**Exercise goal**
Going through the material below, output exactly the lines from the one containing "В этой же квартире" through the one containing "元,同时还可叠加置换 / 报废补贴及金融政策,部分地区更有额外地方补贴。", and no pictures.

**Given information**
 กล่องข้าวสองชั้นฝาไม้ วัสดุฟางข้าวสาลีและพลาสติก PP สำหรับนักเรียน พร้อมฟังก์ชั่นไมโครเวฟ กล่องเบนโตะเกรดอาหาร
---
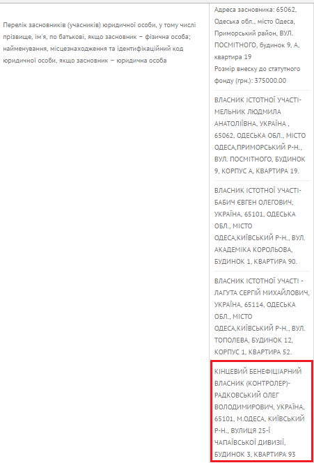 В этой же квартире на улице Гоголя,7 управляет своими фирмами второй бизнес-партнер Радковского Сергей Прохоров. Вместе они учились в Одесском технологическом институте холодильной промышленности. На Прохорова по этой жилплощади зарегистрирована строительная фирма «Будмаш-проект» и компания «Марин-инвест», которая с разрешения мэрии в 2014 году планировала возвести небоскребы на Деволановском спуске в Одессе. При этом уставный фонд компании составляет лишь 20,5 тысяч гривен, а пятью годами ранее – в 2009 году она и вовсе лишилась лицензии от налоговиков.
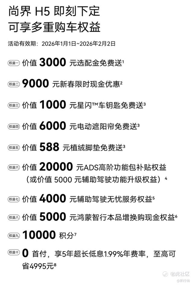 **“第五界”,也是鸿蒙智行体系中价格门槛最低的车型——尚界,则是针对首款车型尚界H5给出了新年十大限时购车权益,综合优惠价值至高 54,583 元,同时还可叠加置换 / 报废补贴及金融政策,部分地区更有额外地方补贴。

**Reply to the exercise**
 В этой же квартире на улице Гоголя,7 управляет своими фирмами второй бизнес-партнер Радковского Сергей Прохоров. Вместе они учились в Одесском технологическом институте холодильной промышленности. На Прохорова по этой жилплощади зарегистрирована строительная фирма «Будмаш-проект» и компания «Марин-инвест», которая с разрешения мэрии в 2014 году планировала возвести небоскребы на Деволановском спуске в Одессе. При этом уставный фонд компании составляет лишь 20,5 тысяч гривен, а пятью годами ранее – в 2009 году она и вовсе лишилась лицензии от налоговиков.
 **“第五界”,也是鸿蒙智行体系中价格门槛最低的车型——尚界,则是针对首款车型尚界H5给出了新年十大限时购车权益,综合优惠价值至高 54,583 元,同时还可叠加置换 / 报废补贴及金融政策,部分地区更有额外地方补贴。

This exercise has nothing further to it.